= Confederate effect =

Human error of identifying a human as machine

The confederate effect is the phenomenon of people falsely classifying human intelligence as machine (or artificial) intelligence during Turing tests. For example, in the Loebner Prize during which a tester conducts a text exchange with one human and one artificial-intelligence chatbot and is tasked to identify which is which, the confederate effect describes the tester inaccurately identifying the human as the machine.

The confederate effect is the reverse of the ELIZA effect, which Sherry Turkle states is humans' "more general tendency to treat responsive computer programs as more intelligent than they really are": that is, anthropomorphizing.

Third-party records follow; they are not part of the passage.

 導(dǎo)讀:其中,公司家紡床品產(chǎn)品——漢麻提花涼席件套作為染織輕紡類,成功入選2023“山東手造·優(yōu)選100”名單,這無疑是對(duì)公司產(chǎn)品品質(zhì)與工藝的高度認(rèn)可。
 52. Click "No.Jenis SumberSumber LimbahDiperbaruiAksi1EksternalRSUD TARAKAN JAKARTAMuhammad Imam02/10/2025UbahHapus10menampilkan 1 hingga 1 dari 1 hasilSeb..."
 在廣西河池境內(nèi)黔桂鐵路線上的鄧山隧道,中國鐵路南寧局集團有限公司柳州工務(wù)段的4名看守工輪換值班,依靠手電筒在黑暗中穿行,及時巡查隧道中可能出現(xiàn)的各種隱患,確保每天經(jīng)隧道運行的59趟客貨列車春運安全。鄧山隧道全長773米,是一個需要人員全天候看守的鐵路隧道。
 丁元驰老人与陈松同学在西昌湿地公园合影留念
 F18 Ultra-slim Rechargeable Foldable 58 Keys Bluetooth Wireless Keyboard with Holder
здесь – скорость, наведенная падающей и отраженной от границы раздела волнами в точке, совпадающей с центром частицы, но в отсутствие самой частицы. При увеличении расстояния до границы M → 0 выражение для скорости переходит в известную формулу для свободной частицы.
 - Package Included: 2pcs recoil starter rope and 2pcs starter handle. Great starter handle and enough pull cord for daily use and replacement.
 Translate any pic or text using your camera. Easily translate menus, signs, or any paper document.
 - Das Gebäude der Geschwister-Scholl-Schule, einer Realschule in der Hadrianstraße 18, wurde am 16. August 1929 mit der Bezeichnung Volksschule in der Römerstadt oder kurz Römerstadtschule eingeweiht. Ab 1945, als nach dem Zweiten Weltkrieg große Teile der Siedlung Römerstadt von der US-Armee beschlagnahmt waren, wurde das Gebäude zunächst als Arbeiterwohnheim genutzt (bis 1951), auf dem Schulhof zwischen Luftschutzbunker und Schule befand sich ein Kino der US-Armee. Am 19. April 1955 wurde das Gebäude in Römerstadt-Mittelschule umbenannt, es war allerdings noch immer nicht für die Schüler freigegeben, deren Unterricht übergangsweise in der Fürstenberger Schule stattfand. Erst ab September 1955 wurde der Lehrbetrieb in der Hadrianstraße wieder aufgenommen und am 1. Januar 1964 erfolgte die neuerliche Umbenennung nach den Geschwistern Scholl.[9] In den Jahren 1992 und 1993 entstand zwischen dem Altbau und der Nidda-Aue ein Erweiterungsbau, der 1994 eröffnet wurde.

The phenomenon was seen in the University of Surrey 2003 Loebner Prize for Artificial Intelligence, when both confederate (tested) humans, one male and one female, were each ranked as machine by at least one judge. More precisely, Judge 7 and Judge 9 ranked the female 'Confederate 2' as "1.00=definitely a machine"; the male 'Confederate 1' was ranked "1.00=definitely a machine" by Judge 4 and Judge 9. Also, the gender of these two hidden-humans were incorrectly identified (male considered female; woman considered man) in independent transcript analysis ('gender-blurring' phenomenon, see Shah & Henry, 2005).